PROVIDED ENTRIES section start

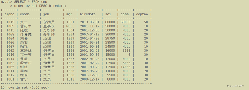 11. 查询所有员工详细信息,用工资降序排序,如果工资相同使用入职日期升序排序
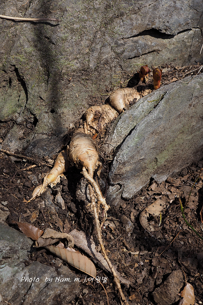 도라지 뿌리 같은 뿌리가 거의 밖으로 다 드러나 있는 채로도 싹을 올리고 있다.
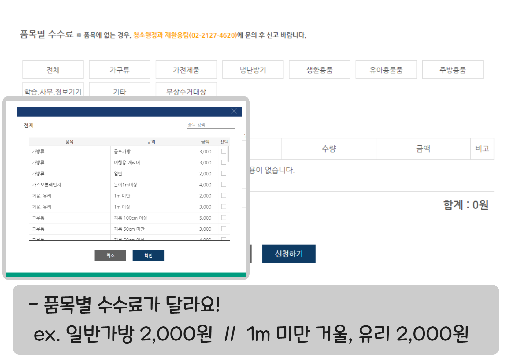 이렇게 자신이 배출해야 될 대형폐기물 접수를 하기 위해서는 금액별로 결제를 진행하시게 되는데요.
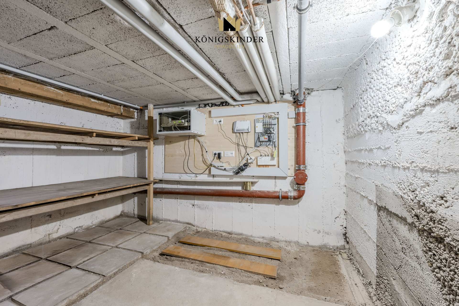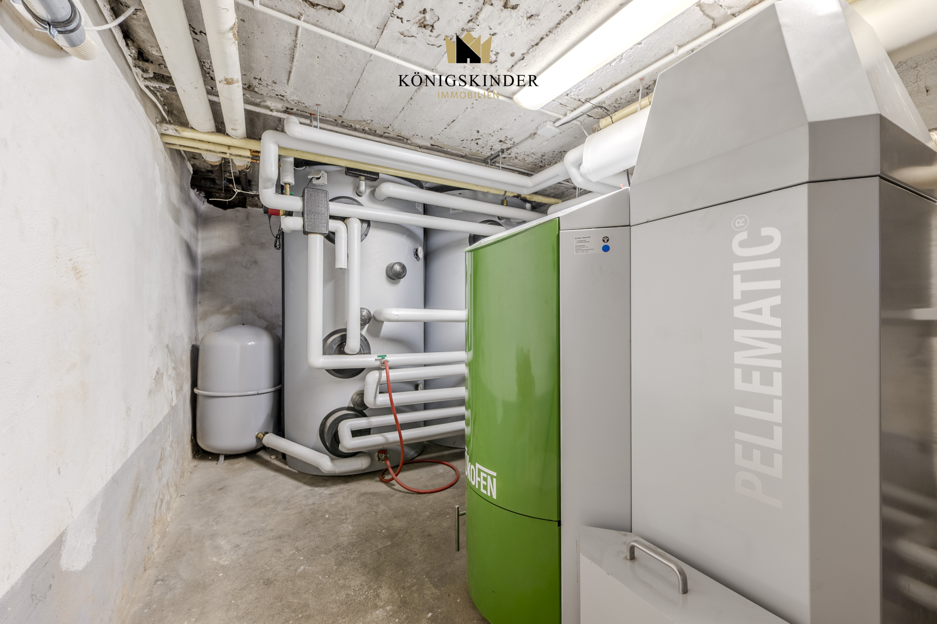 Der Kellerbereich umfasst mehrere Nutzräume, eine neue Pelletheizung (Einbau 2022) sowie eine Waschküche. Von hier aus gelangt man direkt in den Außenbereich und zur Einzelgarage. Ergänzt wird das Anwesen durch zwei Außenstellplätze sowie ein praktisches Gartenhaus zur Unterbringung von Gartengeräten.
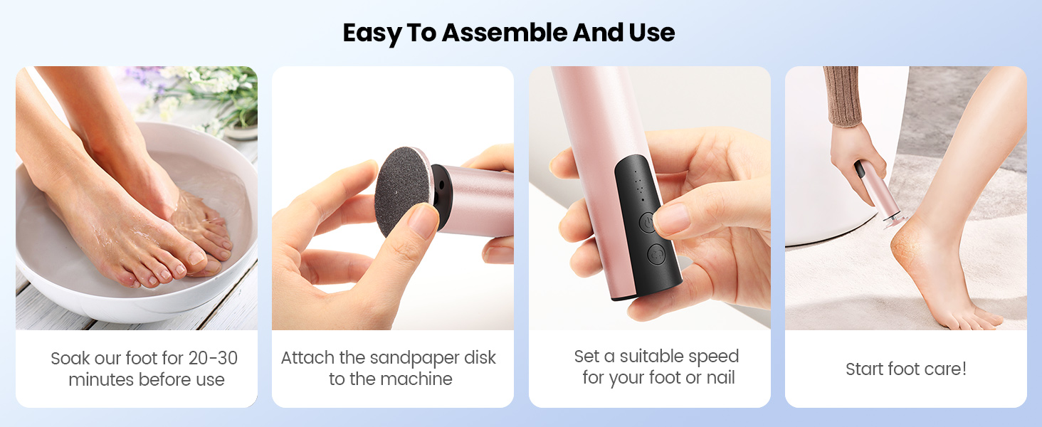 - Apply suitable pressure when using.to ensure the machine can rotate normally, so that the machine can effectively remove callus from the feet.
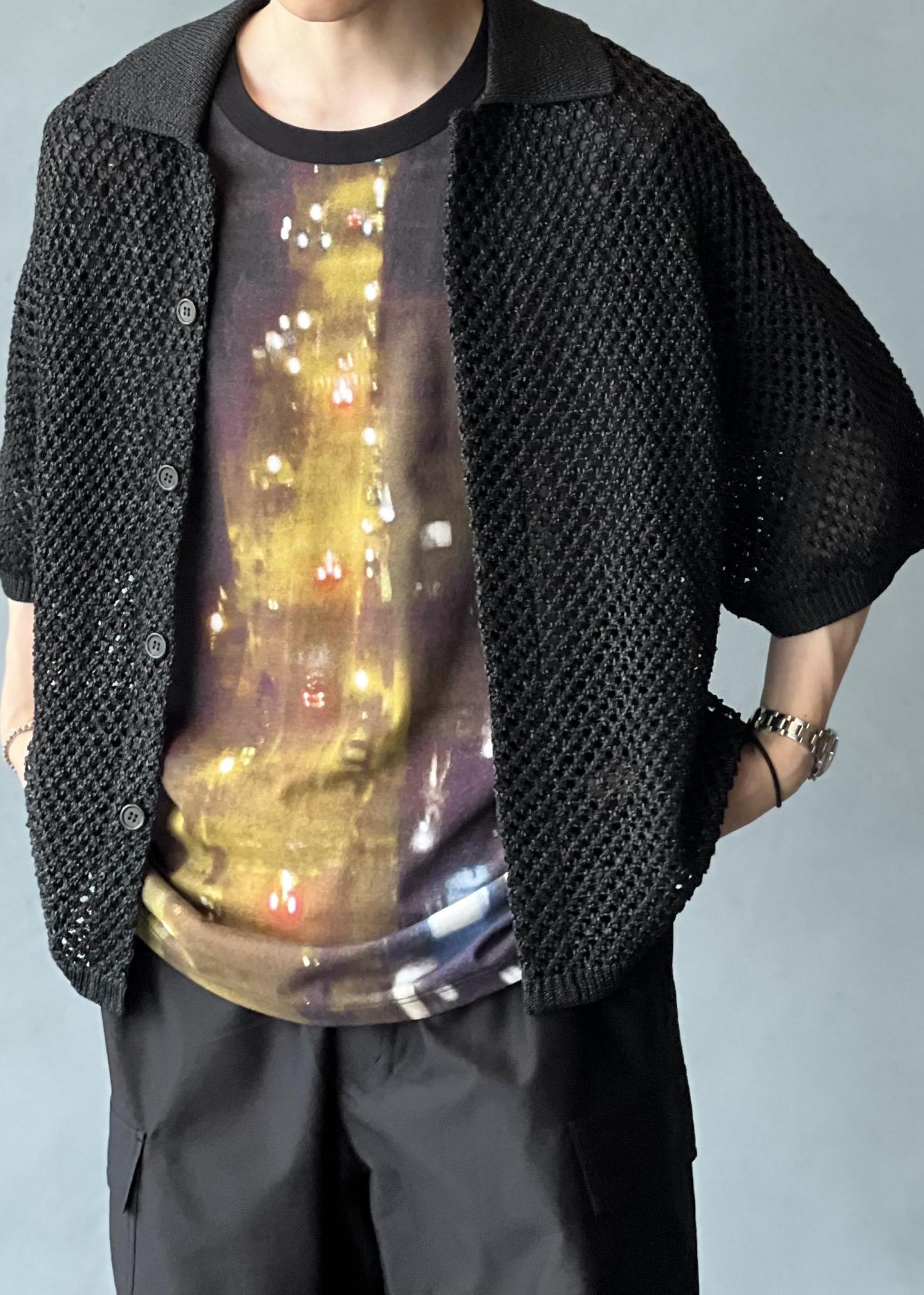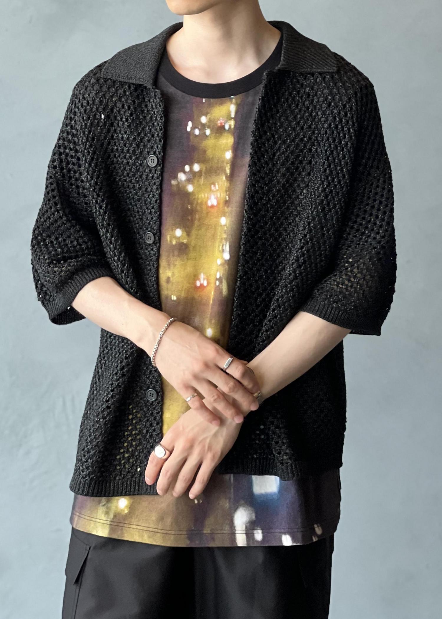 インナーはインパクトのあるプリントTシャツを合わせました。
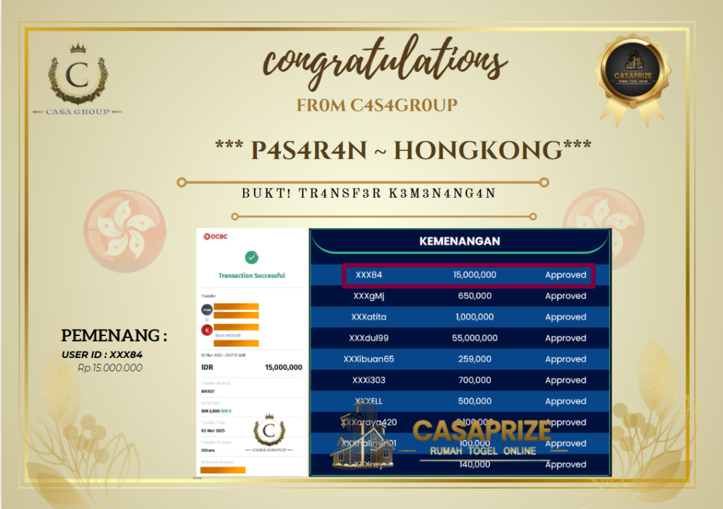Selamat kepada User id XXX84 yang sudah berhasil mendapatkan cuan dari hasil bet di pasaran HONGKONG . Untuk total pencairan cuan kemenangan 15 juta langsung di bayar lunas secepat kilat ,Mari gabung bersama CASAGROUP untuk mendapatkan prediksi jitu agar bisa ikut merasakan jp di pasaran hongkong .Untuk pendaftaran akun baru bisa langsung klik di sini LINK DAFTAR CASAGROUP

PROVIDED ENTRIES section end

* EXERCISE DETAILS
If a picture appears among the records, leave it out, and otherwise reproduce exactly every line from the first line through the one with "이렇게 자신이 배출해야", both included.

* ANSWER SECTION
 11. 查询所有员工详细信息,用工资降序排序,如果工资相同使用入职日期升序排序
 도라지 뿌리 같은 뿌리가 거의 밖으로 다 드러나 있는 채로도 싹을 올리고 있다.
 이렇게 자신이 배출해야 될 대형폐기물 접수를 하기 위해서는 금액별로 결제를 진행하시게 되는데요.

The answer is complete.